И Райдо не выдержал.
Он дождался, пока шериф допьет бренди — от чая он отказался — и сам задал вопрос:
— Что вам надо?
— Альва, — Йен Маккастер не стал ни лукавить, ни взгляд отводить.
— Зачем?
— Судить.
— За что?
Он пожал плечами: дескать, эту конкретную альву, может, и не за что, но вот все прочие…
— Нет, — Райдо поднял стакан, широкий и из толстого стекла, которое казалось желтым.
— Почему?
— Это неправильно.
— Неправильно, — охотно согласился Йен Маккастер, вытягивая по-журавлиному длинные тощие ноги. — Но… порой приходится искать компромисс.
Сам по себе он компромиссы ненавидел, втайне презирая себя за нынешний визит, и за разговор этот, избежать которого не выйдет, и за то, что разговор — Йен видел это — лишен смысла.
Надо бы попрощаться и уйти.
Но был собственный дом на краю города, и супруга, которая аккурат взялась молоть табачный лист, что делала всегда самолично, пусть бы к ее рукам надолго привязывался, что табачный запах, что характерная желтизна. И Йен Маккастер любил свой дом, свою жену, свою неторопливую жизнь, которую не изменила даже война.

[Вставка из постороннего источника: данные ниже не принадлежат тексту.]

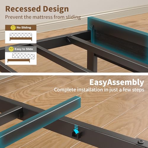 Industrial-Strength Metal Frame & Easy Assembly: Rest easy on a rock-solid, noise-free bed frame built with heavy-duty steel construction that reliably supports 1200 lbs. Our straightforward, tool-assisted assembly comes with all tools and clear instructions for quick setup. The sturdy frame and anti-slip design ensure lasting stability.
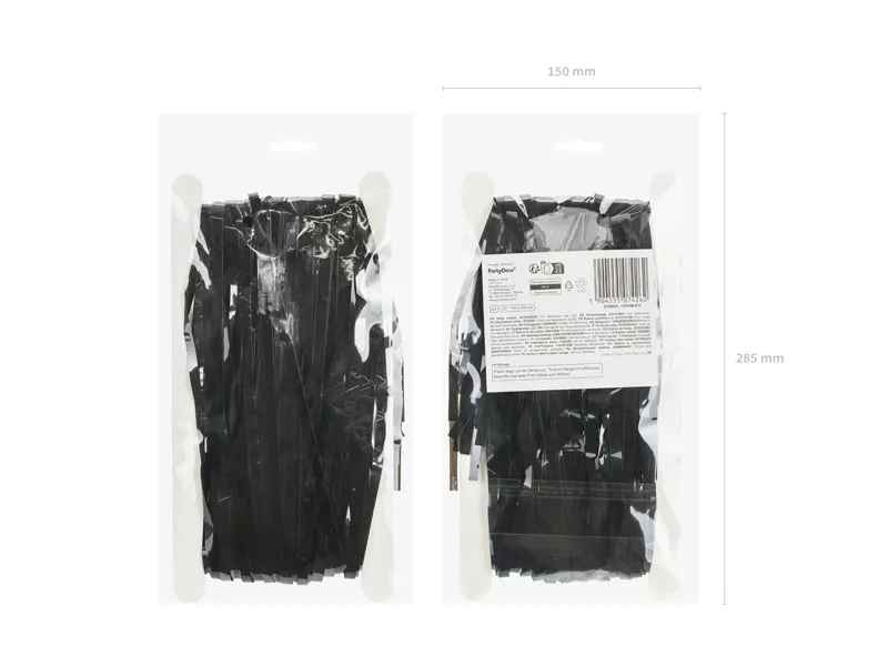 Kurtyna Party metalizowana w kolorze czarnym, szerokość ok. 100 cm, wysokość ok. 200 cm. Wykonana z folii o grubości 20 µm.
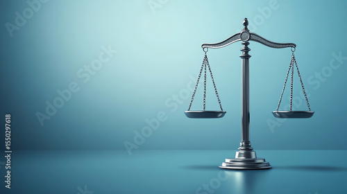 Law symbol vector with pillar, balance scale, clean blue monochrome background

Война прошла где-то вовне, задев его городок краем, но и этого хватило. И теперь Йен Маккастер желал, чтобы нарушенная войной жизнь вошла-таки в прежнее свое русло.
Но и не в нем одном дело.
Был мэр, который тоже прекрасно понимал ситуацию. Были советники и горожане, не желавшие смуты, и были люди, обыкновенные люди, с обыкновенными их бедами, потерями и ненавистью.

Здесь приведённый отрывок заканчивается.